Исключение составляли глаза – красные, кошачьи, они не отрывались от меня, ловя каждое мое движение. Некоторое время мы просто смотрели, пытаясь понять одна другую, потом мантикора очень медленно выскользнула из темноты. На львиное тело наконец упал свет, я увидела, как под темным мехом перекатываются могучие мышцы. Существо оперлось на широкие плоские лапы, не сводя с меня глаз.
Меня пронзил болезненный ужас. Я не хотела и близко подходить к этому существу, чувствовать то, что чувствовало оно, или знать то, что было ему известно. Я не желала ощущать его у себя в голове.
Когда ее лапа коснулась пола, мантикора издала высокий, тихий и жалобный звук. Мышцы лапы дернулись. Сделав еще один шаг, она вновь тихо захныкала, но лицо существа не выражало никаких эмоций.
– Что это? – спросила я. – Что это за звук?
– Она издает такие звуки каждый раз, когда движется, – ответил доктор.
Еще один шаг. Очередной свистящий стон боли.
– Когда ходит, – поправила я.
– Я так и сказал, – заявил доктор.
– Нет, вы сказали: «Когда она движется». Эти звуки раздаются, когда мантикора ходит.
Еще один осторожный шаг. Еще один всхлип, раздавшийся как раз в тот момент, когда лапа наступила на пол. Головокружительный трепет триумфа почти заглушил ужас. Я знала, что именно случилось с мантикорой, и повернулась к доктору.
– Ей удалили когти, доктор Батист?
Он напрягся.
– Смею надеяться, вы не ставите под сомнение наши возможности. В нашем распоряжении лучший в своем роде объект, оснащенный самым современным хирургическим оборудованием; более опытного персонала не найти ни в одном частном учреждении мира.
– Вы удалили ей когти? – настаивала я.
– Мы провели стандартную минимально инвазивную процедуру.
Я могла бы закончить на этом, и, наверное, так было бы лучше для всех. Но у меня не получилось сдержаться.
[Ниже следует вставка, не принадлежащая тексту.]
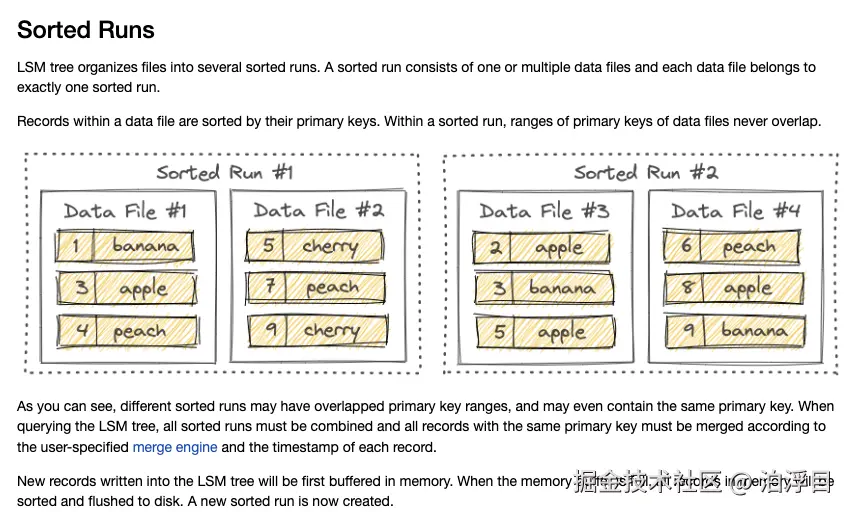 Sorted Runs 是 LSM Tree(Log-Structured Merge-Tree)结构中的一个重要概念,用于组织和管理存储在磁盘上的数据文件。Sorted Run 是一个包含若干主键有序且无重叠的文件集合。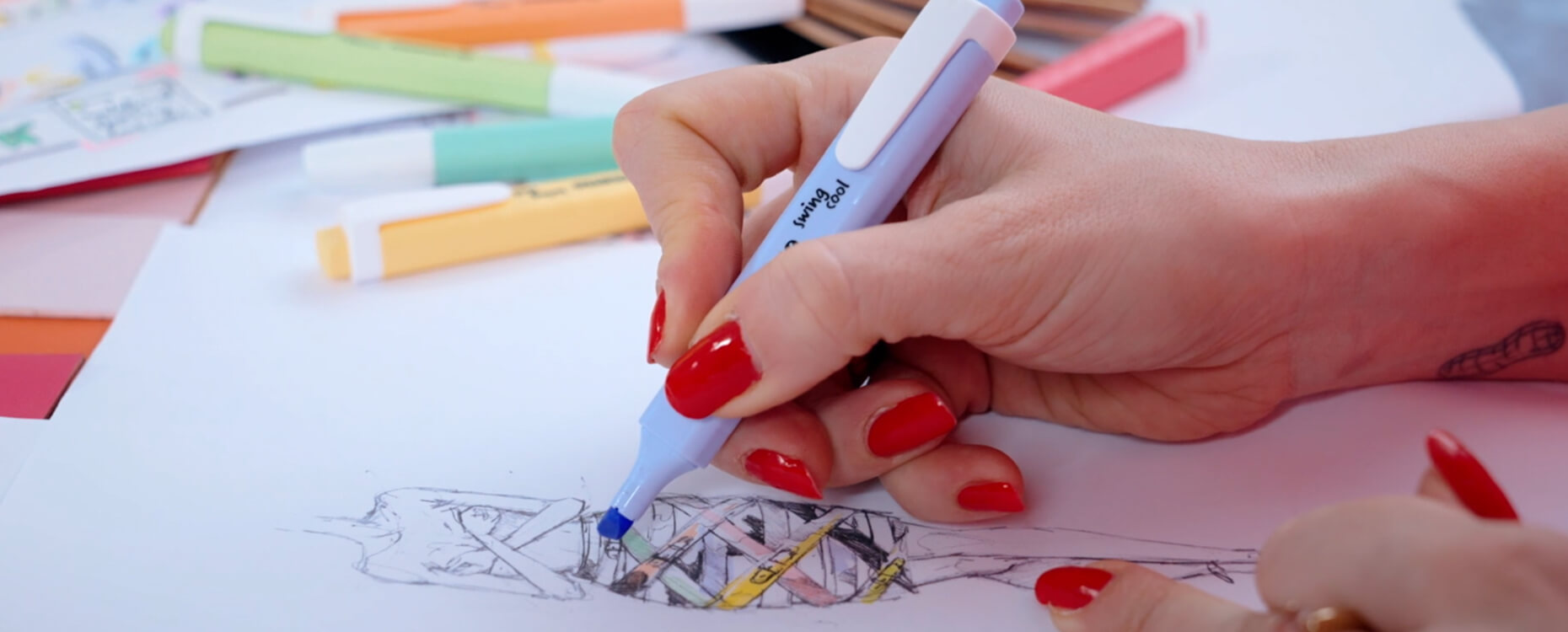 Marina Hoermanseder usou todas as oito cores fluorescentes e as dez cores em tom pastel, provando que swing cool é mais do que um marcador de texto. A designer também usa essas maravilhosas para colorir seus trabalhos de design. Hoermanseder, que é conhecida por suas fivelas especiais e coleções coloridas, traz seu mundo fashion em harmonia com o mundo STABILO para desenvolver o deskset STABILO Swing Cool Fashion Edition.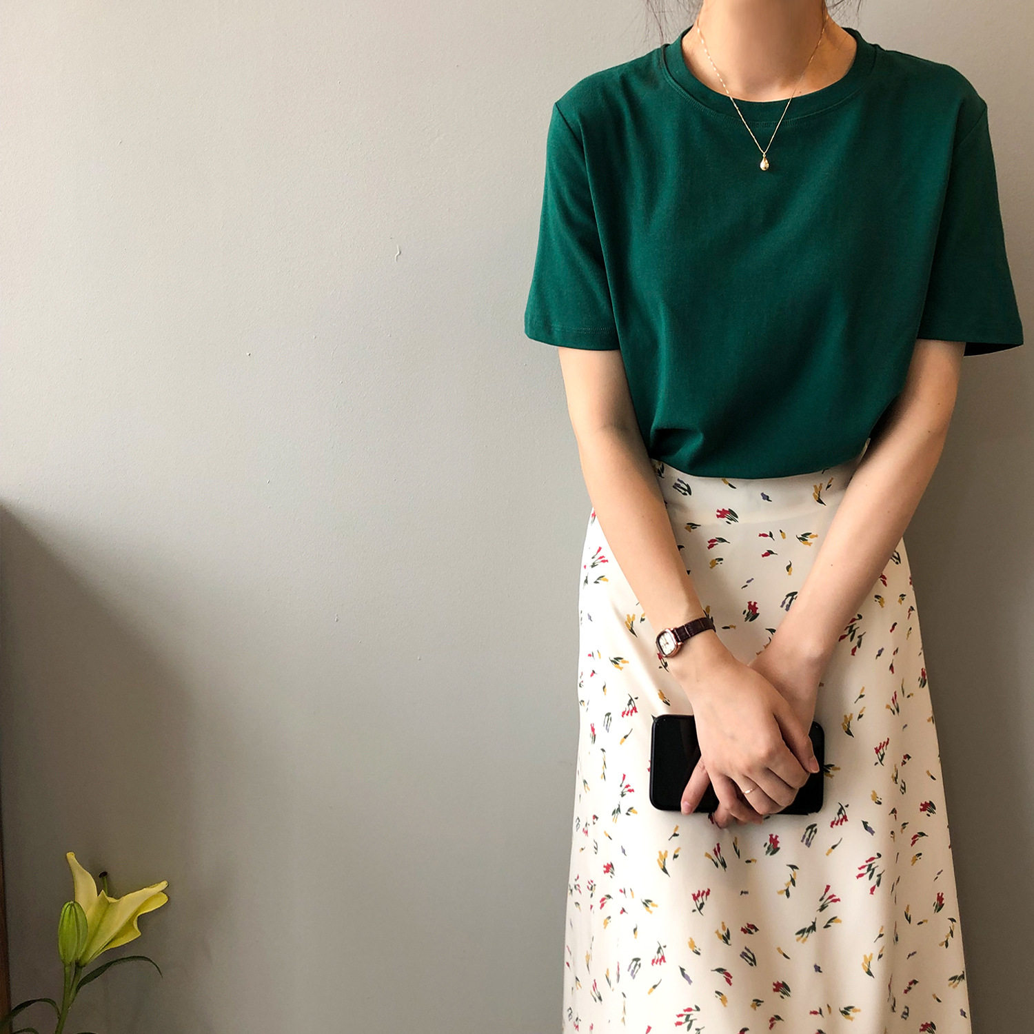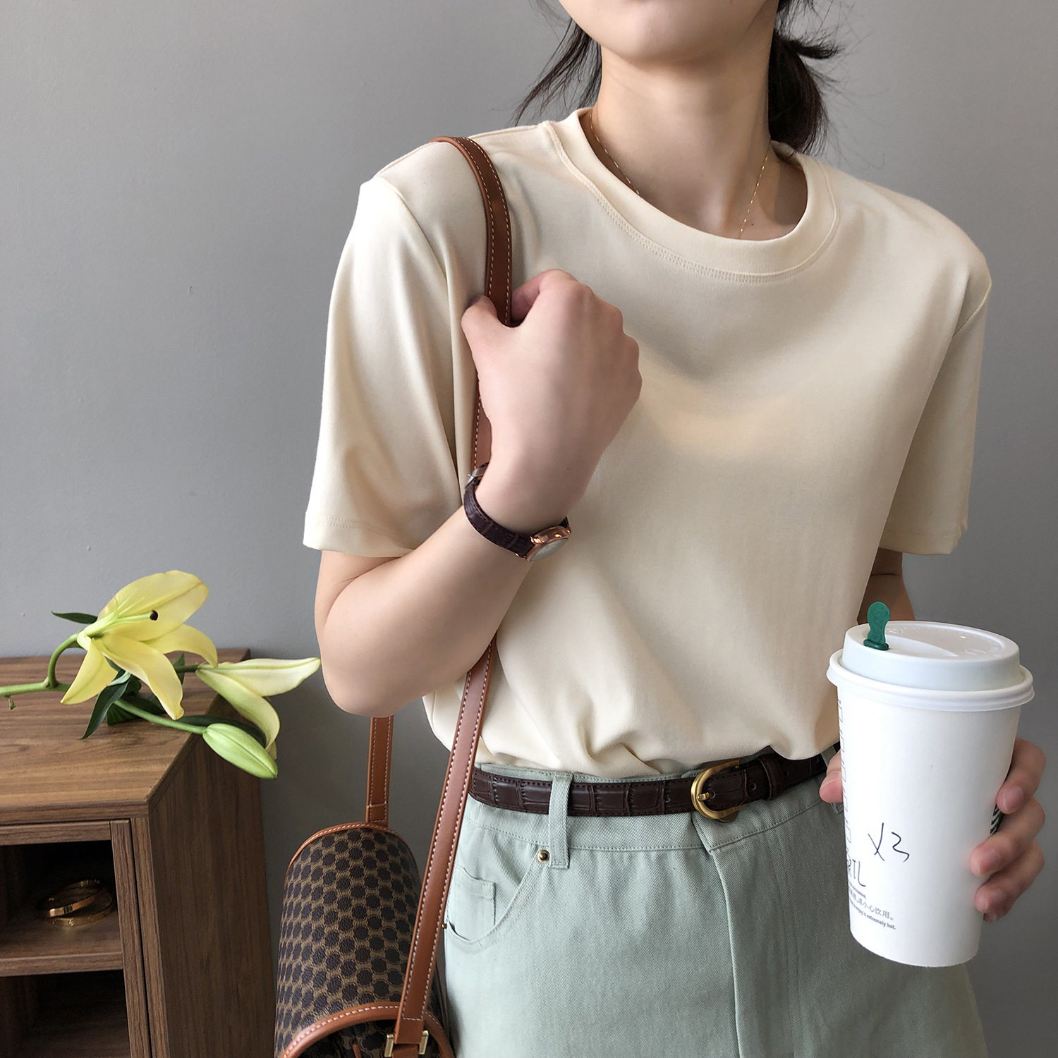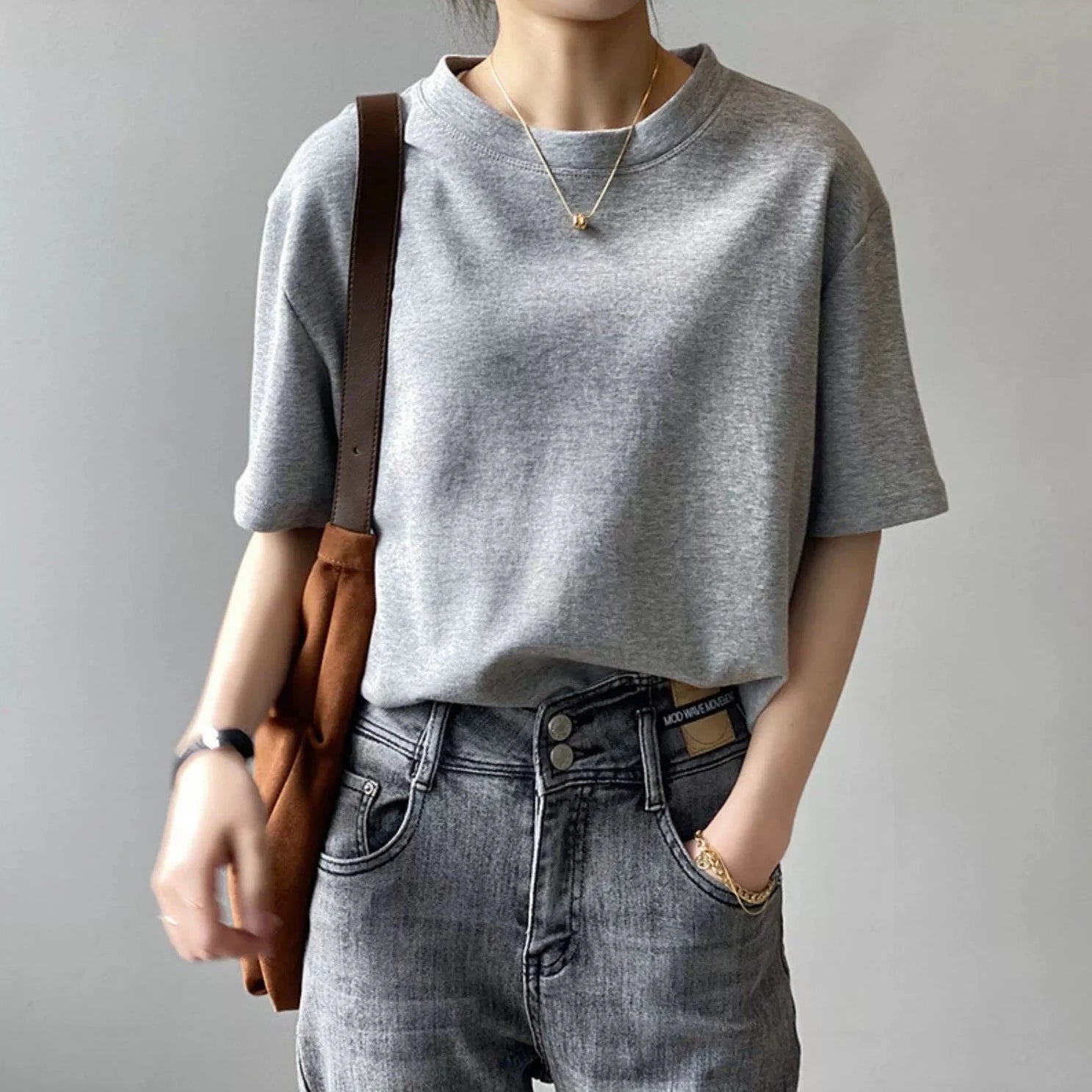 【商品名】【トップス】無地 ラウンドネック Tシャツ

– Вы провели тендонэктомию.
Горацио вопросительно посмотрел на меня, и я начала объяснять.
– Он рассек сухожилия, которые позволяли ей выпускать когти. Ведь так, доктор?
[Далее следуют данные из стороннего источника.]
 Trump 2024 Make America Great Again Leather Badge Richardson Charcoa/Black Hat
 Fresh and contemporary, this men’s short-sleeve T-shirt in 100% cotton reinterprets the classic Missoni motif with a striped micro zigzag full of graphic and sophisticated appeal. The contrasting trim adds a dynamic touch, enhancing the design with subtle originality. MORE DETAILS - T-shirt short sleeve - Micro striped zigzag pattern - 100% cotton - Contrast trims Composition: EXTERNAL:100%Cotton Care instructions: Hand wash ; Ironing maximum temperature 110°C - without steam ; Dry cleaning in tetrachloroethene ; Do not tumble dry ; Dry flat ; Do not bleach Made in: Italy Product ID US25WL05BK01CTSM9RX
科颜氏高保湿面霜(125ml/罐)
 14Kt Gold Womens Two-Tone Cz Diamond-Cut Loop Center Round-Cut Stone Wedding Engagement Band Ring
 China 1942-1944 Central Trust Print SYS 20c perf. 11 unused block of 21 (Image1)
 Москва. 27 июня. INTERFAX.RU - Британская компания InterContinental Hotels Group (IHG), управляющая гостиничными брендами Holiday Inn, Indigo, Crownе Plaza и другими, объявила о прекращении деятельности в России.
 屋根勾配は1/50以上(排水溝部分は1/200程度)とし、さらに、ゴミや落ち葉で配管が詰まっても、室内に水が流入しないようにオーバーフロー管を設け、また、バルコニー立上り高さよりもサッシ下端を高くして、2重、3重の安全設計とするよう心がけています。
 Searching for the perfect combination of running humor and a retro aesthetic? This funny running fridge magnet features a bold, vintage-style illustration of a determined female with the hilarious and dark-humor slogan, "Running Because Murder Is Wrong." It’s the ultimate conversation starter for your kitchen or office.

Присмотревшись повнимательнее к лапам мантикоры, я разглядела на каждом из пальцев крошечные треугольнички черного кератина.
– Когти заставляют принять такое положение, чтобы они были видны, но не могли причинять вред, а затем надрезают сухожилия. Так ведь?
Доктор молчал.
– Когти врастают ей в кожу, – сказала я.
Это было очевидно, я понимала все яснее ясного. За годы работы в нашей клинике вылечили по меньшей мере дюжину домашних кошек с такой же проблемой, и такие случаи всегда злили моего папу.
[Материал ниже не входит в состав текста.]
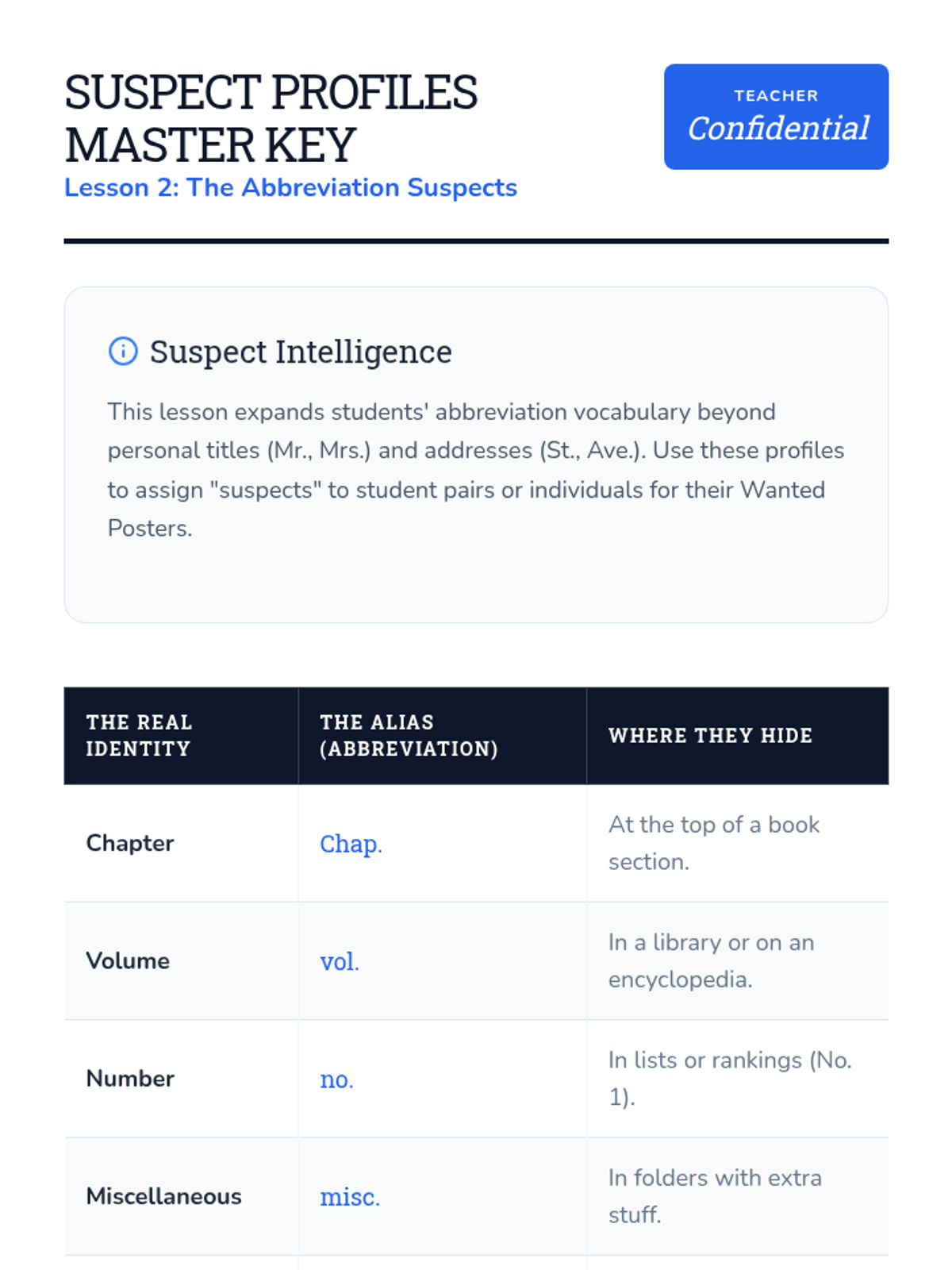 Students investigate common abbreviations (misc., vol., chap.) by creating wanted posters that link aliases (abbreviations) to their full names.

– Они могут врастать в мышцы или кости. Нужно это исправить, иначе она всю жизнь будет мучиться от боли.
Доктор перевел взгляд с меня на Горацио.
– Это же просто абсурд, – сказал он. – Девчонке сколько, двенадцать? Ее вообще здесь быть не должно.
– Мне пятнадцать, осел ты высокомерный, – процедила я. – И ты знаешь, что я права.
Горацио с минуту хранил молчание. Он посмотрел на мантикору, все еще наблюдавшую за нами со спокойной злобой, перевел взгляд на доктора и, наконец, на меня.
– Ты уверена?
– Можете сделать рентген и убедиться сами, – предложила я. – Но я могу поручиться за свои слова.